We analyzed patients with follow-up greater than 1 year. The mean duration of follow-up was 29 months (range, 12-46 months). We report on 280 patients, mean age 72 years (range, 51-87 years). Only 60 patients received adjuvant hormones. Mean pretreatment prostate-specific antigen level was 9.3 ng/mL (range, 0.6-120 ng/mL). Mean Gleason score was 6 (range, 3-9). The lowest dose level was given to 49 patients, the intermediate dose to 131 patients, and 100 patients received the highest dose escalation. One hundred eighty-one patients (65%) were treated to a prostate field only and 99 patients (35%) to prostate and seminal vesicles. Chronic genitourinary and/or gastrointestinal categories were incontinence, persistent urinary retention, increased urinary frequency/urgency, urethral stricture, hematuria, diarrhea, rectal pain, bleeding, ulcer, fistula, incontinence, and proctitis. Toxicity at the high dose level was not different from toxicity at the intermediate or lower dose levels. No significant difference was observed in any of the individual toxicity categories.

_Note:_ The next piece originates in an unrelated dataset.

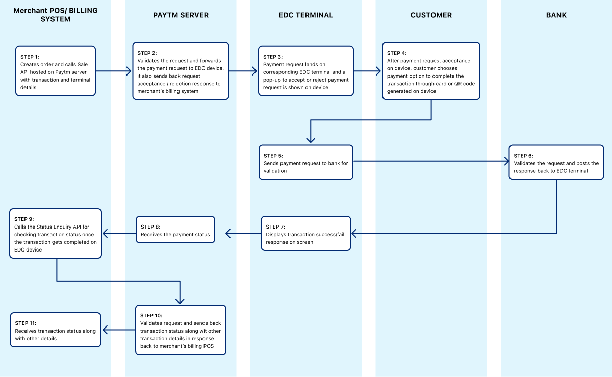- Merchant billing system creates orders and calls Sale API hosted on the Paytm server with the transaction and terminal details.

By applying the ART process--namely, developing a patient-specific PTV--to prostate cancer patients, significant dose escalation can be achieved without increases in genitourinary or gastrointestinal toxicity. Our data validate the rectal and bladder dose-volume constraints chosen for our three-dimensional conformal and IMRT prostrate radiotherapy planning.
评估所选自适应放疗(ART)剂量体积限制的有效性,同时检验更高肿瘤剂量水平下毒性不会更大这一假设。
在ART剂量递增/选择试验中,治疗开始时采用将临床靶区(CTV)外放1 cm形成的通用计划靶区(PTV)。治疗第一周后,根据治疗前4天获得的CT和电子射野图像为患者重新制定个性化PTV。使用新的多叶准直器射野孔径。根据以下直肠和膀胱限制条件确定给予个性化PTV的最小剂量,范围为70.2 - 79.2 Gy:直肠壁剂量>82 Gy的部分<5%,直肠壁剂量>75.6 Gy的部分<30%,膀胱体积剂量>75.6 Gy的部分<50%,膀胱最大剂量为85 Gy。采用适形四野和/或调强放疗(IMRT)技术。独立评审员对毒性进行评分。根据常见毒性标准分级量表(第2版)采用所见最严重毒性评分。我们将患者分为三个单独的组:70.2 - 72 Gy组、>72 - 75.6 Gy组和>75.6 - 79.2 Gy组。通过Pearson卡方检验对每组毒性进行量化和比较,以验证我们的剂量递增/选择模型。将0、1、2和3级按无 vs. 各等级以及无 vs. 任何等级进行审查。
我们分析了随访时间超过1年的患者。平均随访时间为29个月(范围12 - 46个月)。我们报告了280例患者,平均年龄72岁(范围51 - 87岁)。仅60例患者接受了辅助激素治疗。治疗前前列腺特异性抗原平均水平为9.3 ng/mL(范围0.6 - 120 ng/mL)。平均Gleason评分为6分(范围3 - 9分)。49例患者接受了最低剂量水平治疗,131例患者接受了中等剂量治疗,100例患者接受了最高剂量递增治疗。181例患者(65%)仅接受前列腺野照射,99例患者(35%)接受前列腺和精囊照射。慢性泌尿生殖系统和/或胃肠道类别包括尿失禁、持续性尿潴留、尿频/尿急增加、尿道狭窄、血尿、腹泻、直肠疼痛、出血、溃疡、瘘管、尿失禁和直肠炎。高剂量水平的毒性与中等或低剂量水平的毒性无差异。在任何单个毒性类别中均未观察到显著差异。
通过将ART过程(即制定个性化PTV)应用于前列腺癌患者,可在不增加泌尿生殖系统或胃肠道毒性的情况下实现显著的剂量递增。我们的数据验证了为我们的三维适形和IMRT前列腺放疗计划所选的直肠和膀胱剂量体积限制。